_What you will do:_ Repeat exactly, and only, the lines below starting at the line that contains "Skull Biker Set" and ending at the line that contains "نخلط مقادير العجينة", inclusive of both.

_Recorded information:_

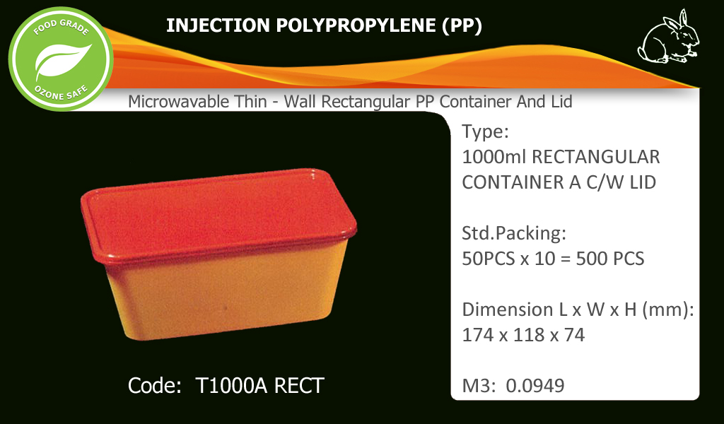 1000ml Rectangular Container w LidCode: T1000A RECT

--

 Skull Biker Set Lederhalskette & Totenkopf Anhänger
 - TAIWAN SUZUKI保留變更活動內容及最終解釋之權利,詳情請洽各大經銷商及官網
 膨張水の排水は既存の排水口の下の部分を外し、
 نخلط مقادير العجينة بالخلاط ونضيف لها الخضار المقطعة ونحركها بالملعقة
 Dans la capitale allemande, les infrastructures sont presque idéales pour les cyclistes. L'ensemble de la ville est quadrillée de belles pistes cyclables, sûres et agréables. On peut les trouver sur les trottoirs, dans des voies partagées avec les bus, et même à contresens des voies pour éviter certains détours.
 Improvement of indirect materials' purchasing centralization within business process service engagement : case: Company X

_Task response:_
 Skull Biker Set Lederhalskette & Totenkopf Anhänger
 - TAIWAN SUZUKI保留變更活動內容及最終解釋之權利,詳情請洽各大經銷商及官網
 膨張水の排水は既存の排水口の下の部分を外し、
 نخلط مقادير العجينة بالخلاط ونضيف لها الخضار المقطعة ونحركها بالملعقة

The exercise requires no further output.